Brand Equity Definition
The brand equity definition is the marketing effects that occur or gather over time in a product because of the brand name or company name associated with that product. At times, this brand equity can extend into other products if the name has been established with a good enough reputation. Best explain the brand equity definition as the reputation associated with a company name or product.
Brand Equity Meaning
Brand equity means that a company has established a brand or product that is associated with a certain product. There are forms of positive brand equity and negative brand equity. If a product is generally in good standing with consumers, then the company’s brand equity value is much higher. This of course is in comparison to a company who is responsible for an oil spill like the recent British Petroleum (BP) spill in the Gulf of Mexico. Brand equity marketing can at times be a fine art. In addition, brand equity valuation can be essential in determining how far a company can extend its brand equity to other products to boost sales in that area.
Brand Equity Example
Some Brand Equity examples are as follows:
The Jack Daniels brand name has been associated with Tennessee Whiskey for a number of years. However, the brand name extended into barbecue sauces and other condiments. The use of the name Jack Daniels is meant to boost sales in the area of the market. The company must be careful because every product that they extend the brand name to can result in brand equity dilution or an overuse of the name.

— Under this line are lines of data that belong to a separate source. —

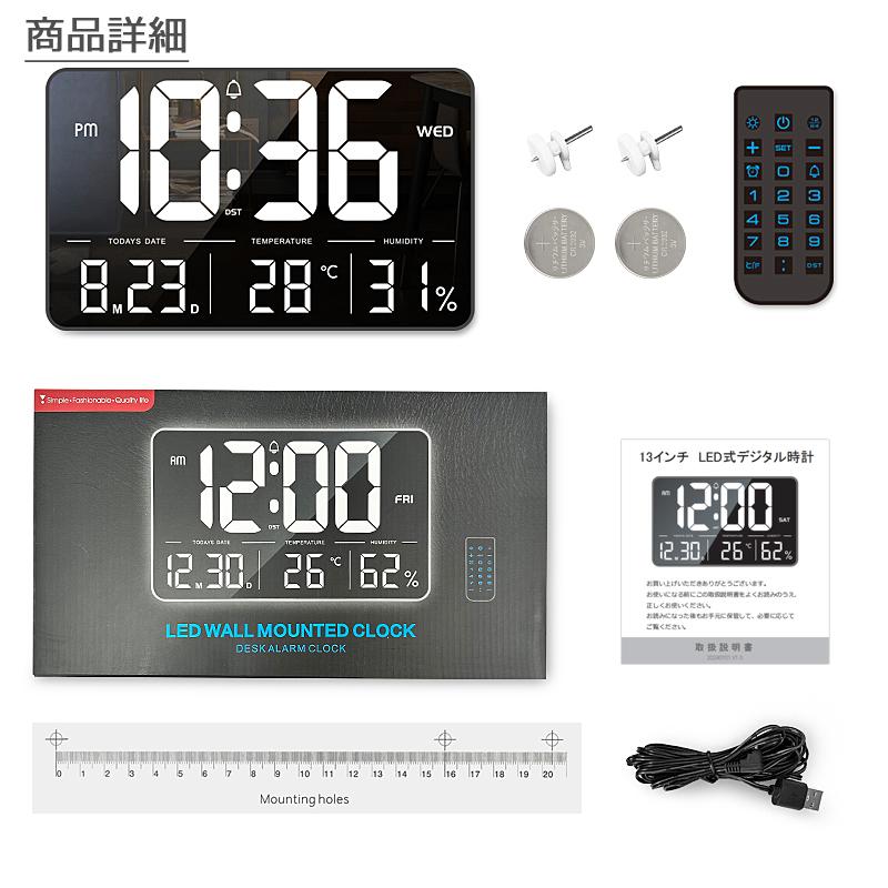 デジタル時計 時計 壁掛け デジタル ブラック ホワイト
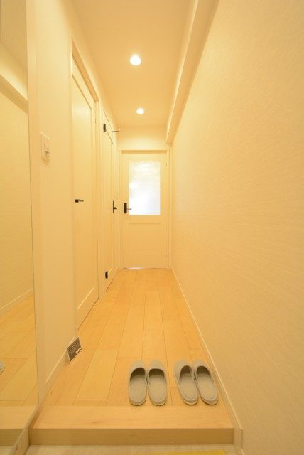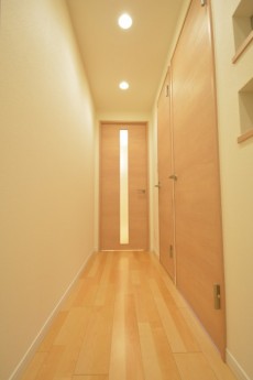 玄関を上がると目の前に廊下がまっすぐ伸びています。
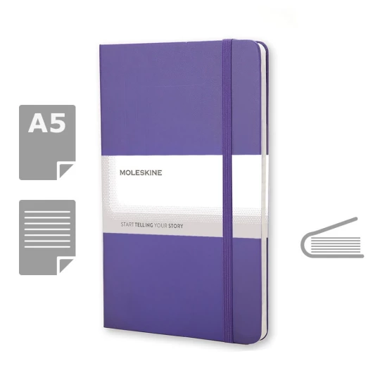 Notatnik duży (ok. A5, large) MOLESKINE, 240 stron w linie, twarda okładka, kieszeń wewnętrzna, zakładka i elastyczna opaska do zamykania
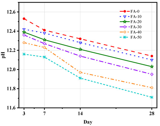 Figure 12. pH value of FA-GBFS cement.
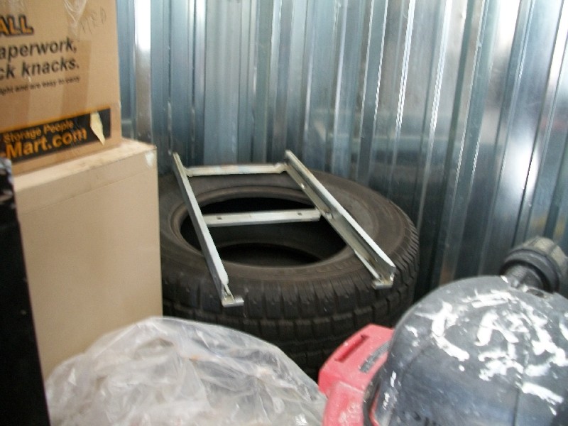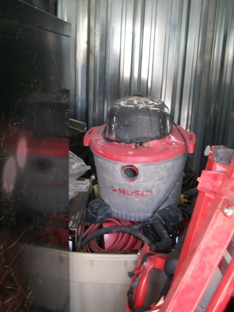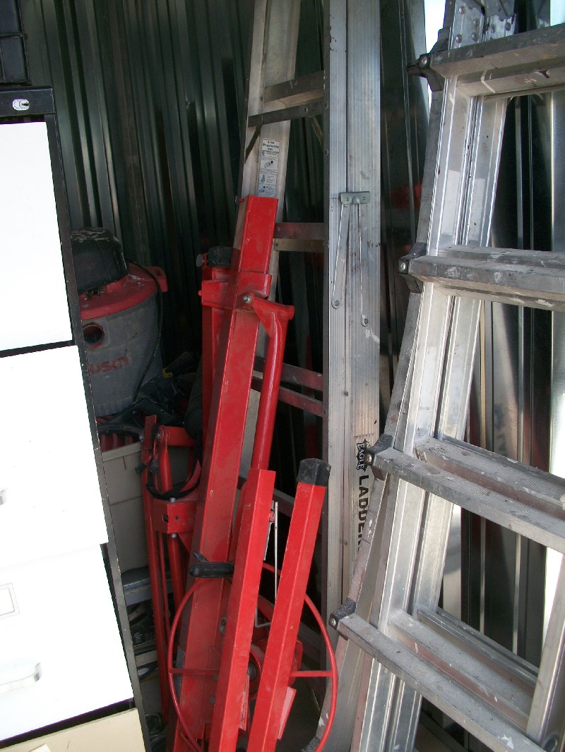 Ladders, shop vac, 3 filing cabinets, Dewalt drill, record albums, tar paper, plastic roll, tires, tools, table saw, and boxes.
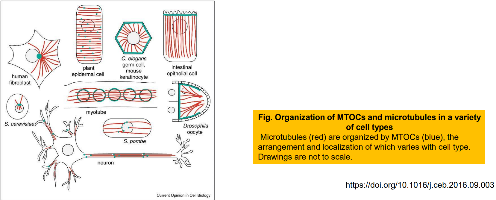 - 其他MTOC:高尔基体的反面膜囊区域和上皮细胞的顶端面等;
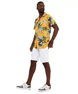 Joe Browns Męska koszula na co dzień z tropikalnym kwiatowym nadrukiem z płaskim kołnierzem i krótkim rękawem, duża, żółta, ŻÓŁTY, L
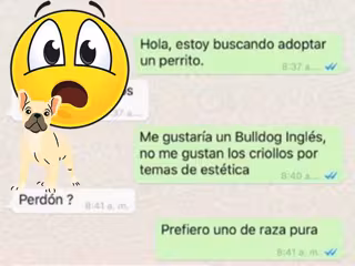 Durante la breve conversación, la persona interesada en adoptar una mascota le pregunta a su interlocutor si tienen algún Bulldog Inglés ya que "por razones estéticas no le gustan los criollos". La petición no cayó nada bien a la persona que estaba al otro lado de la línea telefónica que respondió un sincero: "¿Perdón?".
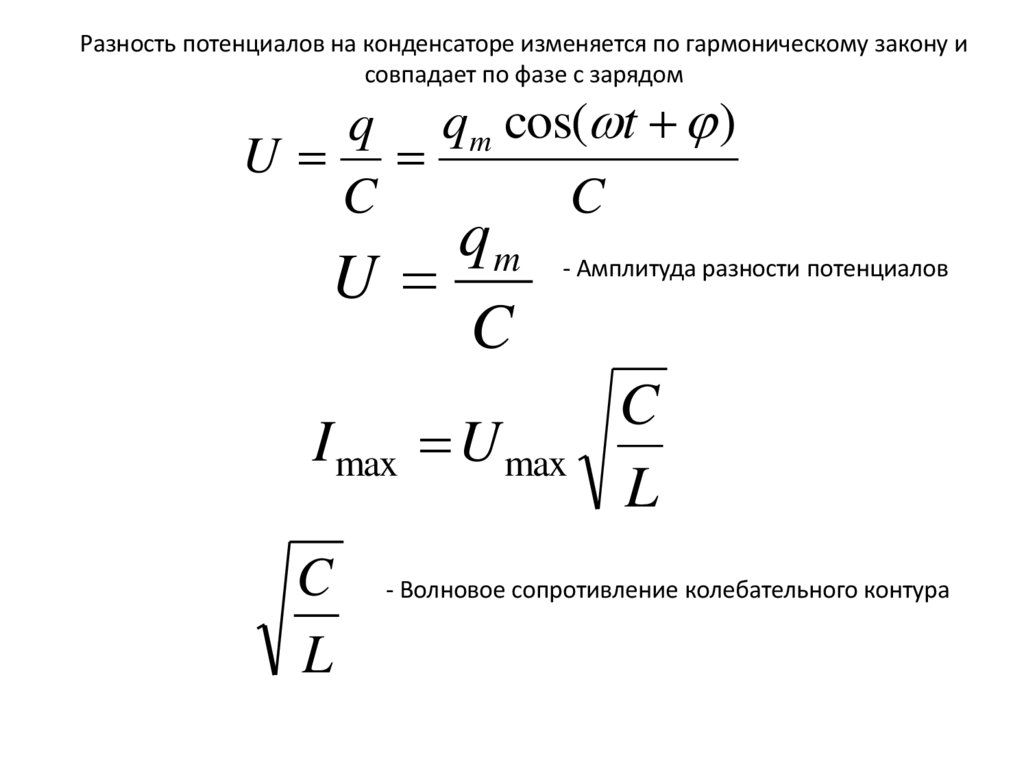 Падение напряжения на конденсаторе одинаковы по амплитуде и противоположны по
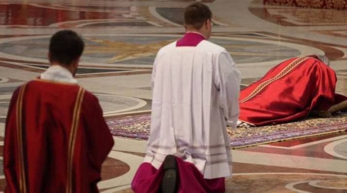 El Santo Padre, postrado en el suelo, oró durante unos minutos junto a todos los fieles arrodillados presentes en la Basílica. Después de ese instante de oración silenciosa, el Pontífice, con la ayuda de los ceremonieros, se puso de nuevo en pie y se procedió a la proclamación de la Palabra.
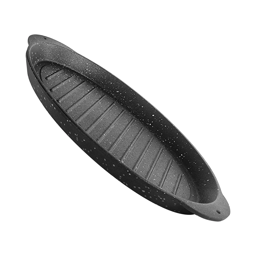 استیک پز یک ماهیتابه بیضی شکل خط دار یا همان تابه گریل است. در واقع یک وسیله آشپزی بسیار پرکاربرد است که در هر خانهای لازم است و تمام اعضای خانواده به آن نیاز پیدا میکنند. این ماهیتابه طراحی بیضی شکل دارد، در هر طرفش دستگیره ارگونومیک از جنس خود بدنه دارد که با بدنه یک تکه است و جنس آن از چدن است.
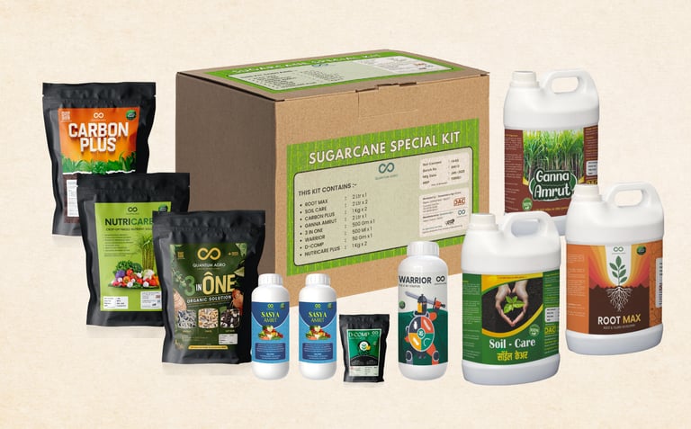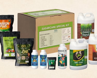 Embrace the sustainable sugarcane farming with our newly Reaserached & Developed exclusively for Sugarcane crop. Our Sugarcane kit contains Organic inputs for improving soil health, Crop overall growth. By using our Sugarcane kit farmers can save on the cost of production. Our Sugarcane kit is designed to enhance the growth, health & increases the sugarcane yield up to 20 % to 25%. Our Sugarcane kit improves the soil fertility and crop productivity. By using the Sugarcane kit, we can reduce the application of fertilizers

Companies like Gucci and other designer firms work hard to establish their brand equity as it is essential in their line of business. The idea here is exclusivity as these companies operate in a niche market. Here they reduce the amount of stores, and drive prices higher. The brand equity established is of a luxurious and exclusive brand only a few can afford to be apart of.
The company in the past was known for high quality and low to mid-priced cars, but as of recent the company has had several hits on its brand equity. This has been due to the company’s braking problems in its cars. To restore brand equity and bring sales back to normal, the company has been forced to launch various ad campaigns. In addition, they have had to recall all of the faulty cars.